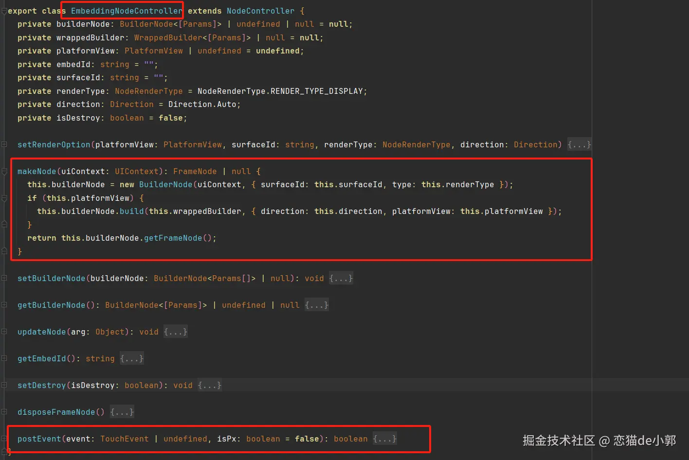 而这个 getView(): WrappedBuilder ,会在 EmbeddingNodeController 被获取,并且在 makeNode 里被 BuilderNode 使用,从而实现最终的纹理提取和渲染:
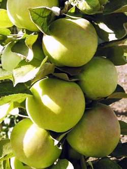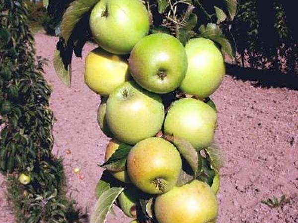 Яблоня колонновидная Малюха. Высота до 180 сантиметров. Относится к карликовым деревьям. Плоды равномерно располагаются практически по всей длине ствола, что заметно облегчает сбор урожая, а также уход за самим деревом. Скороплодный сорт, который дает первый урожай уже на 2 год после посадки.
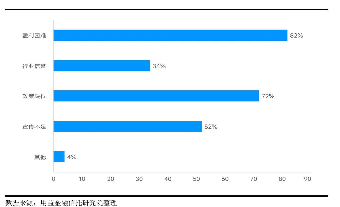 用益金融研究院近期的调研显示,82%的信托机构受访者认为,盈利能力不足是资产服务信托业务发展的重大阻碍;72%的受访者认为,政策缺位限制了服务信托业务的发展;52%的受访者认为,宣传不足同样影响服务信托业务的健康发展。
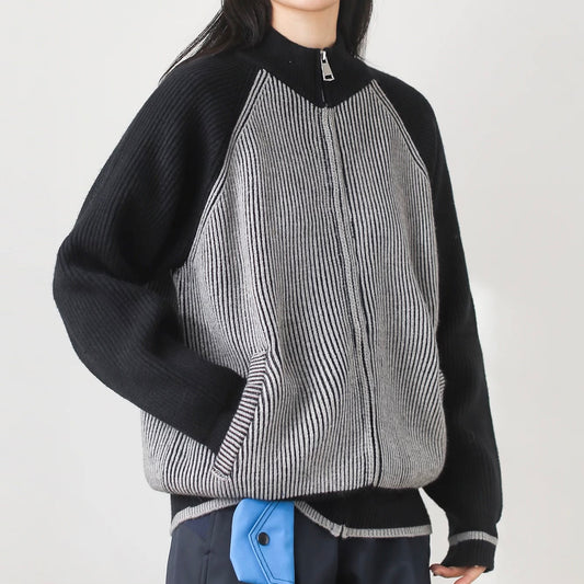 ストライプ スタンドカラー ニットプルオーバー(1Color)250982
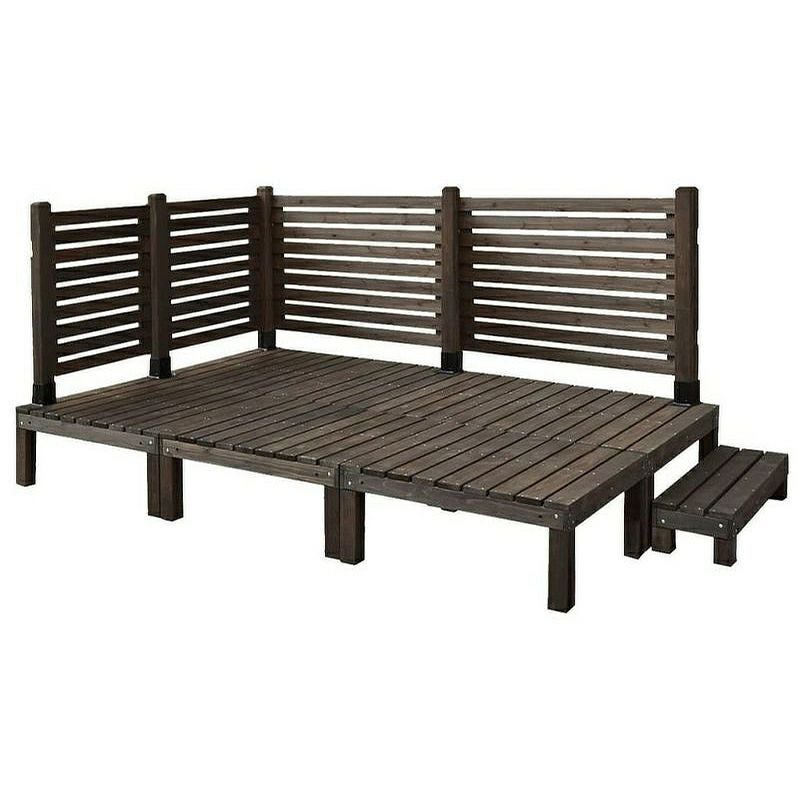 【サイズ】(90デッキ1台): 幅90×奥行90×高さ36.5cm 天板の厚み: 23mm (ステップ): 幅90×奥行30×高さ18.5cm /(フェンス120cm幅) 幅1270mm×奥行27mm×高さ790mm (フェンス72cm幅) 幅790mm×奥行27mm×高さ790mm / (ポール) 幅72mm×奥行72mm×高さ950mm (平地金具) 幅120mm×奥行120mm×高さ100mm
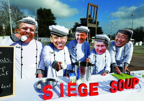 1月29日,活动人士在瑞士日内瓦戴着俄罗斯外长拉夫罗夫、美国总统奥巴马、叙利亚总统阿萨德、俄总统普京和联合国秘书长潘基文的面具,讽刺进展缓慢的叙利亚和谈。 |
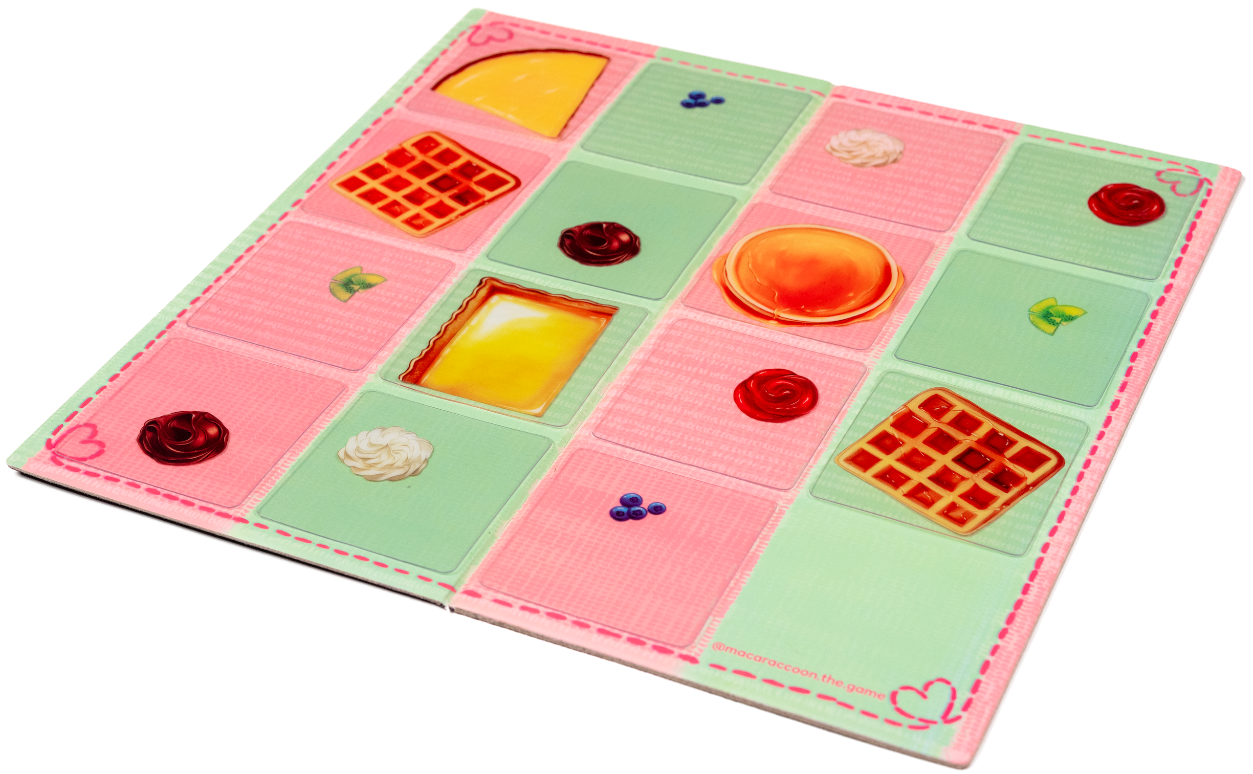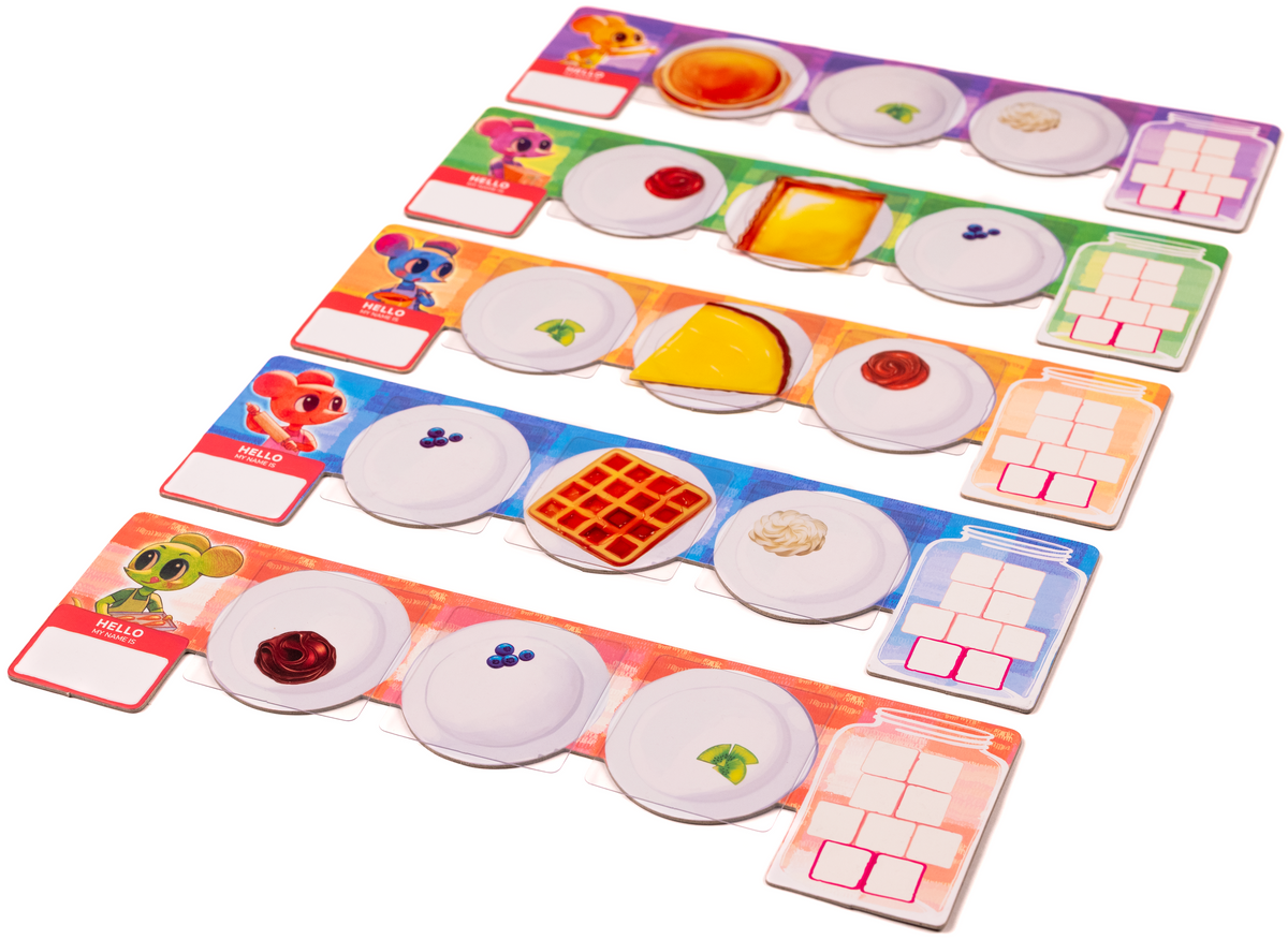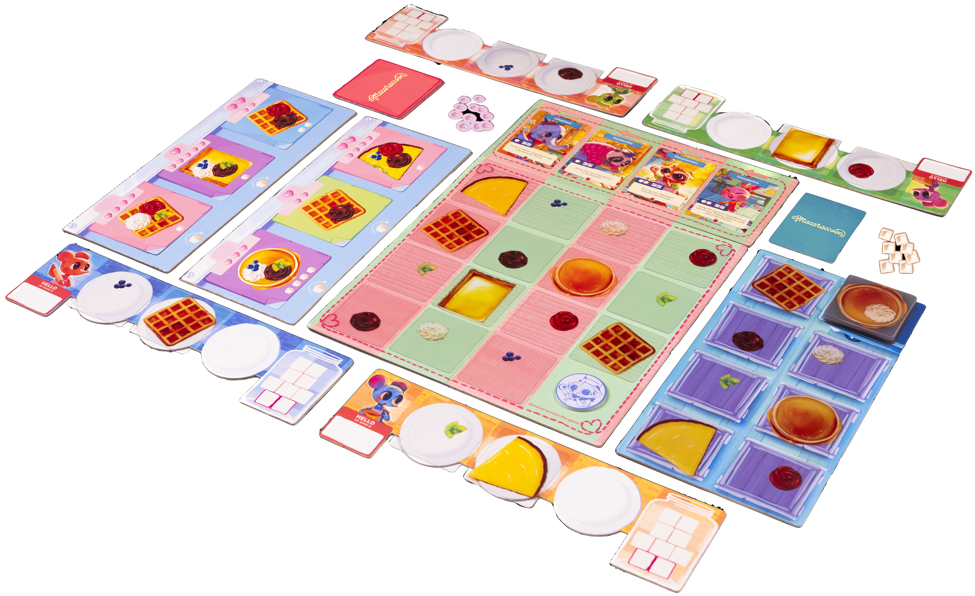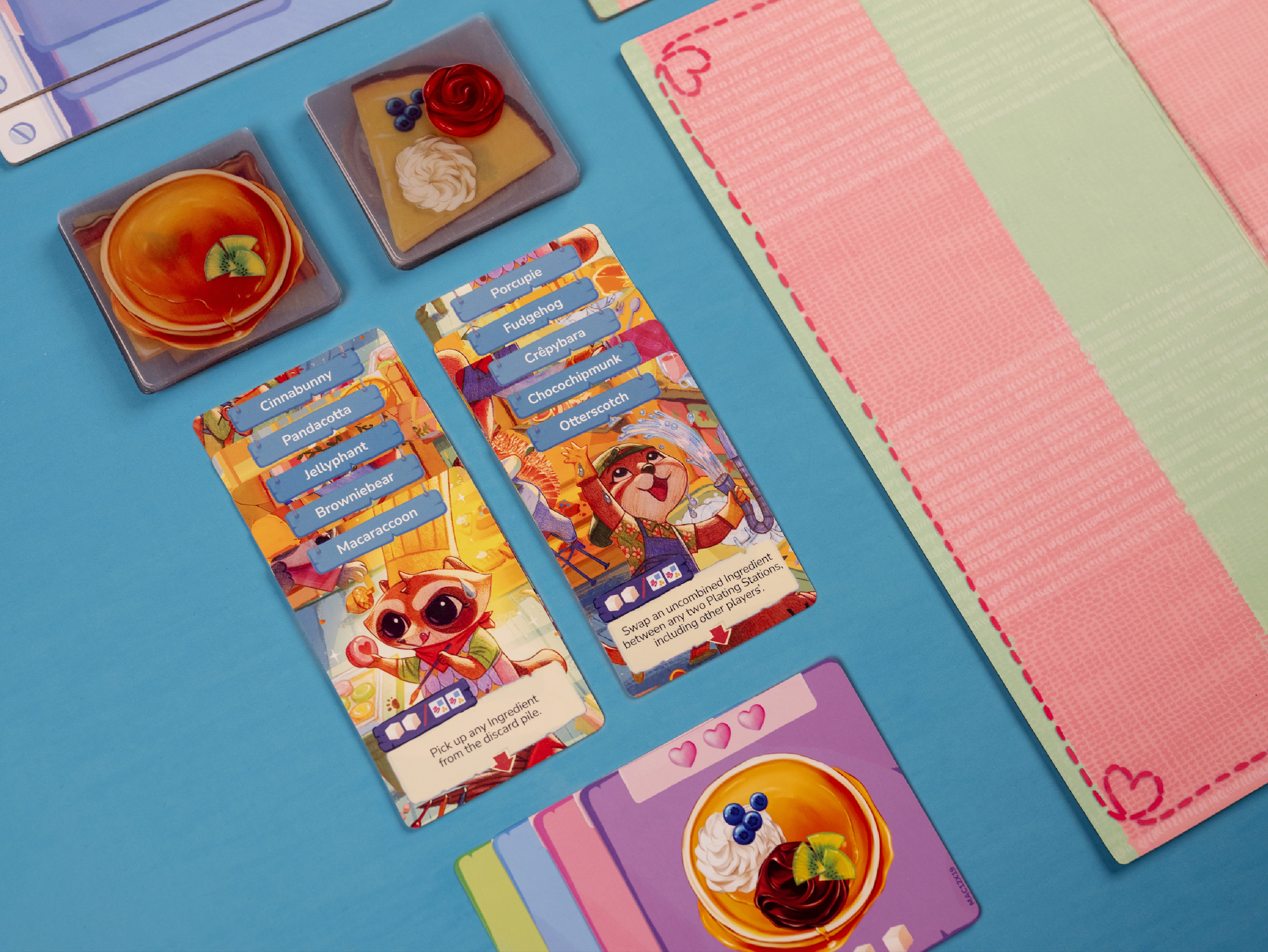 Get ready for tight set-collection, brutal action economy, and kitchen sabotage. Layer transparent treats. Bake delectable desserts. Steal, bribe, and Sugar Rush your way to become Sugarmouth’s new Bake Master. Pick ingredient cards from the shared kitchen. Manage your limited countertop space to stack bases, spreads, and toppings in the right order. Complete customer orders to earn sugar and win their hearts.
● ● ● ● ●
### Exercise directions
Restate, exactly as they appear, the line with "Яблоня колонновидная Малюха." and all the lines after it up to the end of the data above; images do not belong in the copy.

### Result of the exercise
 Яблоня колонновидная Малюха. Высота до 180 сантиметров. Относится к карликовым деревьям. Плоды равномерно располагаются практически по всей длине ствола, что заметно облегчает сбор урожая, а также уход за самим деревом. Скороплодный сорт, который дает первый урожай уже на 2 год после посадки.
 用益金融研究院近期的调研显示,82%的信托机构受访者认为,盈利能力不足是资产服务信托业务发展的重大阻碍;72%的受访者认为,政策缺位限制了服务信托业务的发展;52%的受访者认为,宣传不足同样影响服务信托业务的健康发展。
 ストライプ スタンドカラー ニットプルオーバー(1Color)250982
 【サイズ】(90デッキ1台): 幅90×奥行90×高さ36.5cm 天板の厚み: 23mm (ステップ): 幅90×奥行30×高さ18.5cm /(フェンス120cm幅) 幅1270mm×奥行27mm×高さ790mm (フェンス72cm幅) 幅790mm×奥行27mm×高さ790mm / (ポール) 幅72mm×奥行72mm×高さ950mm (平地金具) 幅120mm×奥行120mm×高さ100mm
 1月29日,活动人士在瑞士日内瓦戴着俄罗斯外长拉夫罗夫、美国总统奥巴马、叙利亚总统阿萨德、俄总统普京和联合国秘书长潘基文的面具,讽刺进展缓慢的叙利亚和谈。 |
 Get ready for tight set-collection, brutal action economy, and kitchen sabotage. Layer transparent treats. Bake delectable desserts. Steal, bribe, and Sugar Rush your way to become Sugarmouth’s new Bake Master. Pick ingredient cards from the shared kitchen. Manage your limited countertop space to stack bases, spreads, and toppings in the right order. Complete customer orders to earn sugar and win their hearts.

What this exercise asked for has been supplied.